SIMON: You know, kvetching about this and that. Can you (vocalizing) - that sort of thing. And I wonder if you ever look out at that Manhattan skyline and appreciate that?
SEINFELD: (Laughter) It's a very nice thought, Scott. I really appreciate that. But kvetching is only of value if you can do it in an amusing way. My son just came in a minute ago. And he says, I can't study. The wind is howling. I said, we can't say things like that. If you're going to complain - my whole act is, of course, constant complaining...
SEINFELD: ...But you have to find something amusing in that complaint. Otherwise, keep your mouth shut.
SIMON: Wow, that's tough love, though.
SEINFELD: Oh, yeah. (Laughter) Well, I'm very hard on my family as far as being entertaining. You know, at my dinner table, you're supposed to be funny.
SIMON: Do your children find you funny?
SEINFELD: Oh, yeah. But if I'm not - which occasionally - of course, humor is a very hit and miss...
SEINFELD: ...Business as we know. And when I'm not, believe me - they will take me out at the knees.

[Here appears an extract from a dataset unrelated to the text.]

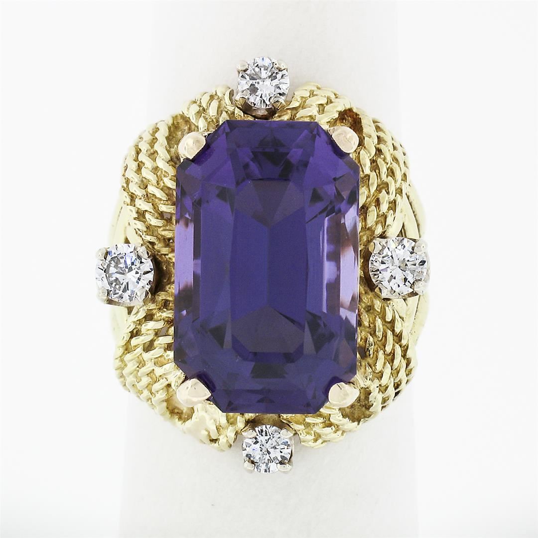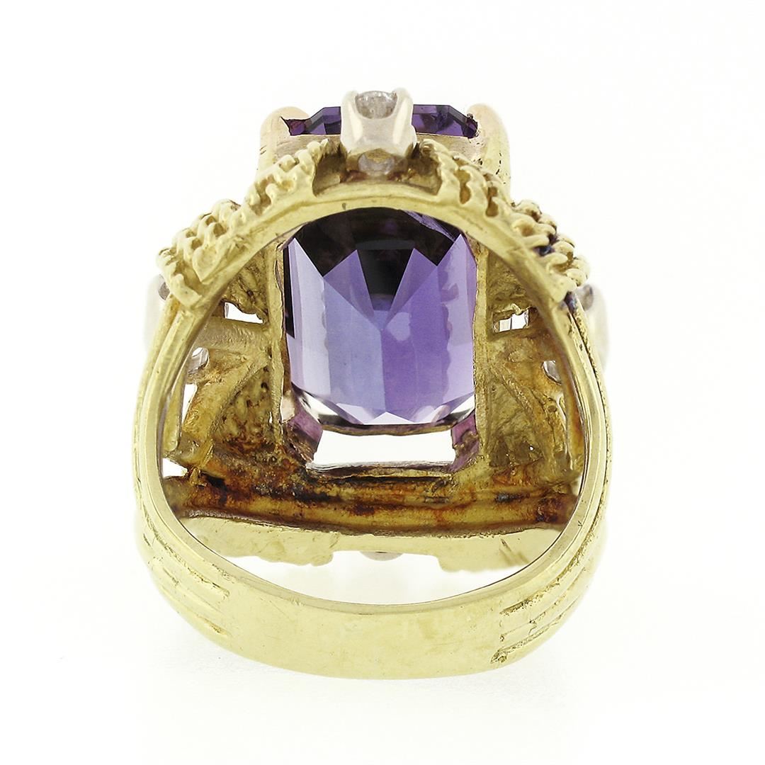 A vintage solid 18k yellow gold cocktail ring, with 1 unique shape natural amethyst (16.5x10.4mm - 9.0ct ), surrounded with 4 round brilliant cut natural diamonds (G/H - VS2/SI1; 0.50ctw). The ring is size 6, weighs a total of 12.67 grams, and measures 24.1mm wide.

They will look at me and just go, that's it? That's all you got?
SIMON: (Laughter) Well, all right. It sounds like they get a little, you know, a little pound of their own flesh back there.
SEINFELD: Oh, for sure.
SIMON: Yeah. Are these times discouraging or good times to try to be funny?
SEINFELD: You know, humor is sort of the greatest value in times like these. Humor is an essential survival quantity, I think, of human life. I mean, I've been seeing some stuff about these nurses and medical professionals and these horrible units where they're losing people so regularly. And I heard this one nurse say - she said, you cry for a while, and then you tell jokes.
SEINFELD: And that seems like the most human you can be.
SIMON: Yeah. Jerry Seinfeld. His special, "23 Hours to Kill", drops on Netflix on May 5. He performs the hour, and he's also the only writer. Thanks so much for being with us.
SEINFELD: Thank you, Scott. It was a pleasure.